Stevie: A biography of Stevie Smith
Description:
Stevie Smith, who died in 1971, remains one of the most fascinating and original English literary figures of this century. Her wit and eccentricity have become legend, her personal style was unique, her poems are among the oddest, funniest, and most moving in the language. Her life was so compelling that it became the subject of a play and a film, both starring Glenda Jackson. In this charming biography, Jack Barbera and William McBrien capture the essence of a remarkable woman and her impact on the literary scene.
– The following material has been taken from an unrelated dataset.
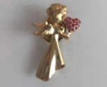 Vintage Gold Tone Angel Holding Pink Jeweled Heart Lapel Hat Pin

Drawing on a wealth of private and archival material, much of it previously unknown, they present the fullest and most convincing portrait yet of Stevie Smith's life and work. They depict the unhappiness of her long childhood exile in the hospital with tuberculosis, her father's abandonment of the family, and her mother's early death. And they paint a rich portrait of her adult life, which was spent almost entirely in a genteel North London suburb and shared with a beloved aunt. Although Stevie gained an international following in 1936 with the publication of Novel on Yellow Paper, she continued to work for more than 30 years as a secretary in a publishing house. Her writing later ceased to be fashionable but in the 1960s, she enjoyed a new wave of recognition as a performer, broadcaster, and literary reviewer, receiving in 1969 the Queen's Gold Medal for Poetry. Replete with anecdotes from Stevie's friends and excerpts from her work, this biography offers new insights into the charm and paradox of a unique poet as well as into her writings and the world in which she moved.